It’s a typical Detroit day, all right, except in this version of Motown, the RenCen is about 6 feet tall, the Ambassador Bridge is 11 inches wide, and the people milling about Belle Isle, Comerica Park, Ford Field, and other Detroit sites are yellow, stationary, and 4 centimeters tall. This is Detroit in Lego form, known as Miniland: Detroit, home to approximately 40 landmarks and features made entirely of Lego bricks, and it’s just one of several built attractions at the Legoland Discovery Center Michigan.

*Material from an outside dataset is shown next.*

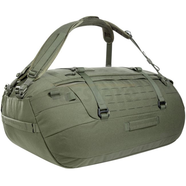 Sac d'équipement robuste en Cordura 700d avec un volume de 65 litres, des bretelles amovibles, des curseurs de fermeture éclair verrouillables et un fond rembourré. Avec système MOLLE à l'extérieur et MOLLE découpé au laser.

Billed as the ultimate indoor Lego Playground, Legoland Discovery Center Michigan is a paradise for Lego fans to create, learn, and play with the iconic toy building brick. Opened in March 2016 in the space formerly occupied by Jeepers! at Great Lakes Crossing Outlets in Auburn Hills, the 32,000-square-foot center is home to 10 Lego-based attractions. Activities include a video tour of a Lego factory, an interactive ride with laser blasters, the Miniland version of Detroit, and a 4D cinema where movies featuring animated Lego characters dazzle with lights, mist, and puffs of air.

All together, the center is a small, interactive Lego city in itself designed to appeal to both kids and adults.

“We want this to be a place where families can play together,” says Debbie Gibb, senior marketing manager with Merlin Entertainments, the group that owns and operates the attraction.

“There’s nothing here that parents can’t do with their kids. They can do every ride, they can watch the movies, they can make Lego creations with them. It’s really about that family time and interacting together.”

Family fun is familiar territory for Merlin Entertainments. The British-based group owns eight other Legoland Discovery Centers throughout the country, as well as other family attractions like Legoland California, the Madame Tussauds wax museums, and, in England, the London Eye. The company also owns a string of Sea Life Aquariums, an iteration of which is also located at Great Lakes Crossing Outlets.

According to Gibb, bringing a Legoland Discovery Center to Michigan was the next logical step after launching Sea Life Michigan in January 2015.

“We had really great success when we opened Sea Life, so it made it an even easier decision because we had some experience in the market,” Gibb says. “Detroit just seemed like the right market for another attraction.”

Geared primarily toward kids ages 3-10, other Legoland Center highlights include a build and test race track where kids create and race Lego cars; earthquake tables where future engineers test the durability of Lego towers; and creative workshops where visitors learn to build a new Lego model every month. The workshops are led by the Discovery Center’s resident master model builder, Clint Parry, and his team.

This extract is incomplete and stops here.